Task statement: All that should be output is the block of lines below from the line with "黒ニット 38,500円/SLOANE(ザ ショップ" to the line with "Когда в прошлом", both included, exactly as written.

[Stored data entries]
—————

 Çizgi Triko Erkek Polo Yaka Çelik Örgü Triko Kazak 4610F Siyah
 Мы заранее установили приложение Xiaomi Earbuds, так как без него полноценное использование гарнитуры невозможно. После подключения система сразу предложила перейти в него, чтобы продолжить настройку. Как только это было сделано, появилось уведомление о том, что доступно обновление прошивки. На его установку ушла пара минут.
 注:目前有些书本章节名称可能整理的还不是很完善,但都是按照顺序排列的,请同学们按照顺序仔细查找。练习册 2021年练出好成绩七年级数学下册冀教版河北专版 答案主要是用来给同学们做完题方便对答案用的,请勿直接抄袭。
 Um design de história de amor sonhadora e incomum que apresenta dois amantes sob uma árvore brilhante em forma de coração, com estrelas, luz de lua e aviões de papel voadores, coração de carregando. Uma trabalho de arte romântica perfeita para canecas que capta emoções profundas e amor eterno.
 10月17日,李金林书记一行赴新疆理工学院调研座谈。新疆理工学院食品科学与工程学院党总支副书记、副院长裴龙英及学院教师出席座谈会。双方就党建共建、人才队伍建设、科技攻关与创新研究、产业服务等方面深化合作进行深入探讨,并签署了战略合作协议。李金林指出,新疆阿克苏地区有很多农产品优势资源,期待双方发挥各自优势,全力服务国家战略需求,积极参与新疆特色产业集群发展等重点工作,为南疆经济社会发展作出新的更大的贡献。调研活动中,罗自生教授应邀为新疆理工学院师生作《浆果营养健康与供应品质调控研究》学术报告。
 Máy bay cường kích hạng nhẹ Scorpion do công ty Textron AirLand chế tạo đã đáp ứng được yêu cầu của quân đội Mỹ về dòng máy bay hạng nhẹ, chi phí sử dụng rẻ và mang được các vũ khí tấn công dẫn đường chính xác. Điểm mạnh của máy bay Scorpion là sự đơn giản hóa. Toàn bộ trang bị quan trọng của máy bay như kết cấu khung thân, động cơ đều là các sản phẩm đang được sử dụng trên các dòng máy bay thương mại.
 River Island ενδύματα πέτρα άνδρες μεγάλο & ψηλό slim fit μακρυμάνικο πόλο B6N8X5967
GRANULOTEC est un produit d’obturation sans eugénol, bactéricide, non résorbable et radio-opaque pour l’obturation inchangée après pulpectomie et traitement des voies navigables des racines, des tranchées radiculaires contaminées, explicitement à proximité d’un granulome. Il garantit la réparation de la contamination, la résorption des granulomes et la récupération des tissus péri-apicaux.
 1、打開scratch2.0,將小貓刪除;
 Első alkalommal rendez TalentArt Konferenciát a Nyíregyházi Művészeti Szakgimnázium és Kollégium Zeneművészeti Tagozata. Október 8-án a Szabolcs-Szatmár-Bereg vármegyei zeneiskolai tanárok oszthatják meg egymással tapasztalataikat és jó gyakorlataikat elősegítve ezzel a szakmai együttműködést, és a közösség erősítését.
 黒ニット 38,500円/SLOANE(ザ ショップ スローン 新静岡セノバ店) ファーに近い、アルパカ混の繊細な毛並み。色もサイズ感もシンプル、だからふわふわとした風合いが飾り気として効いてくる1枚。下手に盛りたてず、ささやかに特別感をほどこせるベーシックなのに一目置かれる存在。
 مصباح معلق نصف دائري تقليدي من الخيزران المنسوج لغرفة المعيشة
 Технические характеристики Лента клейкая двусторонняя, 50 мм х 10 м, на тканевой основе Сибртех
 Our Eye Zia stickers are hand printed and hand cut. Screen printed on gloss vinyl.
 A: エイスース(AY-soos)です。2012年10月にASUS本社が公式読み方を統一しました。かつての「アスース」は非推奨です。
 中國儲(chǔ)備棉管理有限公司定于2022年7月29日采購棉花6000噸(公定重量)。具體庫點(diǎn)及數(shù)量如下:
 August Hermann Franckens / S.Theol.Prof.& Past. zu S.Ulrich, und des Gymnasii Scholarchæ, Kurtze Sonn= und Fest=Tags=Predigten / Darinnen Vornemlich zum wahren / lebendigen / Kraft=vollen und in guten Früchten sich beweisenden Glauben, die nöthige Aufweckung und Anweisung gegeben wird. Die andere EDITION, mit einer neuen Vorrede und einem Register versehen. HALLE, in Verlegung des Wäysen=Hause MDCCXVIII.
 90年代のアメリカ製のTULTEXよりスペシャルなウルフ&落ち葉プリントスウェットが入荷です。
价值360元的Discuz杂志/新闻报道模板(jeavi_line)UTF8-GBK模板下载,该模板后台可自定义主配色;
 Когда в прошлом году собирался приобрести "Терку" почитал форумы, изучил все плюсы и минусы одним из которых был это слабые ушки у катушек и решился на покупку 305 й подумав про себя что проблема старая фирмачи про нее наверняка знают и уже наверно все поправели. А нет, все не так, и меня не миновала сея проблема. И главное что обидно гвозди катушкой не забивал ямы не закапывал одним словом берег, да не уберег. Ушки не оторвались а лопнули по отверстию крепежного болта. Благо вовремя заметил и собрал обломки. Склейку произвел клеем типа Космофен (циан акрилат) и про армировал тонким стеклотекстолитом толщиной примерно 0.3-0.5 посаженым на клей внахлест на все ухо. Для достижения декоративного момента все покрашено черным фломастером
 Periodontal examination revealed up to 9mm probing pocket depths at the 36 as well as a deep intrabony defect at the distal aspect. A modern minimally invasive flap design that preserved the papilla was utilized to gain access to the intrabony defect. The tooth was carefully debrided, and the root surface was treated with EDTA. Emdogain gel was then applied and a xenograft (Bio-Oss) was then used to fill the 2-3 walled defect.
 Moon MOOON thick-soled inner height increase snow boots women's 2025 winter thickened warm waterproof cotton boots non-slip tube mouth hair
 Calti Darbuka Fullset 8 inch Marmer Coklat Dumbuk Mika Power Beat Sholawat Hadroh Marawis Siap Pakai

—————

Solution to the exercise:
 黒ニット 38,500円/SLOANE(ザ ショップ スローン 新静岡セノバ店) ファーに近い、アルパカ混の繊細な毛並み。色もサイズ感もシンプル、だからふわふわとした風合いが飾り気として効いてくる1枚。下手に盛りたてず、ささやかに特別感をほどこせるベーシックなのに一目置かれる存在。
 مصباح معلق نصف دائري تقليدي من الخيزران المنسوج لغرفة المعيشة
 Технические характеристики Лента клейкая двусторонняя, 50 мм х 10 м, на тканевой основе Сибртех
 Our Eye Zia stickers are hand printed and hand cut. Screen printed on gloss vinyl.
 A: エイスース(AY-soos)です。2012年10月にASUS本社が公式読み方を統一しました。かつての「アスース」は非推奨です。
 中國儲(chǔ)備棉管理有限公司定于2022年7月29日采購棉花6000噸(公定重量)。具體庫點(diǎn)及數(shù)量如下:
 August Hermann Franckens / S.Theol.Prof.& Past. zu S.Ulrich, und des Gymnasii Scholarchæ, Kurtze Sonn= und Fest=Tags=Predigten / Darinnen Vornemlich zum wahren / lebendigen / Kraft=vollen und in guten Früchten sich beweisenden Glauben, die nöthige Aufweckung und Anweisung gegeben wird. Die andere EDITION, mit einer neuen Vorrede und einem Register versehen. HALLE, in Verlegung des Wäysen=Hause MDCCXVIII.
 90年代のアメリカ製のTULTEXよりスペシャルなウルフ&落ち葉プリントスウェットが入荷です。
价值360元的Discuz杂志/新闻报道模板(jeavi_line)UTF8-GBK模板下载,该模板后台可自定义主配色;
 Когда в прошлом году собирался приобрести "Терку" почитал форумы, изучил все плюсы и минусы одним из которых был это слабые ушки у катушек и решился на покупку 305 й подумав про себя что проблема старая фирмачи про нее наверняка знают и уже наверно все поправели. А нет, все не так, и меня не миновала сея проблема. И главное что обидно гвозди катушкой не забивал ямы не закапывал одним словом берег, да не уберег. Ушки не оторвались а лопнули по отверстию крепежного болта. Благо вовремя заметил и собрал обломки. Склейку произвел клеем типа Космофен (циан акрилат) и про армировал тонким стеклотекстолитом толщиной примерно 0.3-0.5 посаженым на клей внахлест на все ухо. Для достижения декоративного момента все покрашено черным фломастером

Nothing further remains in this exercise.